When we talk about best practices, we are referring to things we do to achieve the results we are looking for in a project. These are things that we should continue doing during the whole project and in other future ones. Lessons learned are those things that we did that did not bring about the expected project results and need to be re-thought. Identifying and understanding a project’s best practices and lessons learned is what will help us to grow, improve, and consolidate as an organization.

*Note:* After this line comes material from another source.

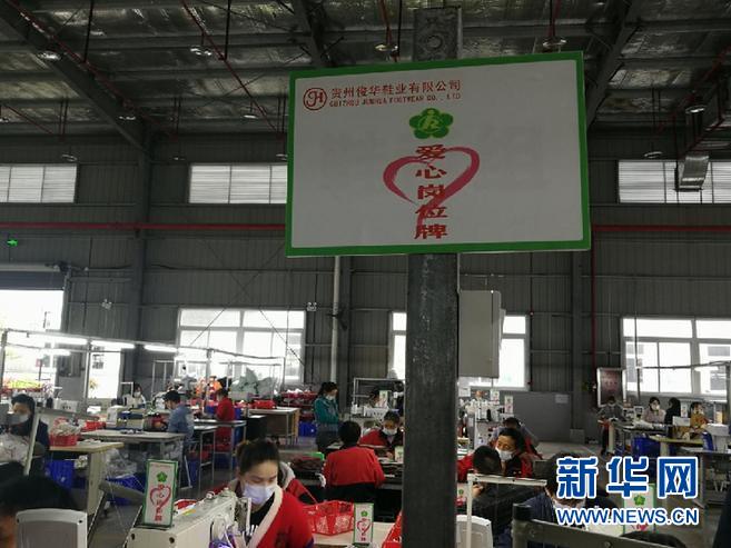 在生产车间,有的操作台前设置了爱心岗位牌,这意味着该岗位工作人员是残疾员工。记者了解到,为助力残疾人就业,习水县骏华扶贫产业园专门开辟爱心生产线2条,现已安置残疾人123人。

John P. Kotter in his book Accelerate, published in 2014, gives a reason why projects around the world have success rates under 30%; “Even for large-scale episodic change, there is very convincing evidence that organizations are now failing at least 70% of the time and that success in achieving early aspirations comes in fewer than 5% of cases. This fact is not widely known because people are reluctant to admit or advertise failures, for obvious reasons.”
What Kotter is saying leads us to conclude that to truly achieve the expected results when identifying best practices and lessons learned, we have to be precise, rigorous and honest when doing that task. Furthermore, we have to make sure that the activities identified as a result of the exercise are carried out. More so, the conclusions that come out of the exercise should be documented and made to be easily accessed by anyone in the organization.
Regardless of the project management methodology used by the organization, we recommend not waiting until the end of the project to identify best practices and lessons learned. It is important to plan this activity around important project milestones. If left as a final step at the end of the project, the opportunity to take advantage of the learning that comes from the exercise would be lost. You are missing out on the possibility of increasing the probability of the project’s success. You are not exploiting the best practices nor taking timely corrective steps.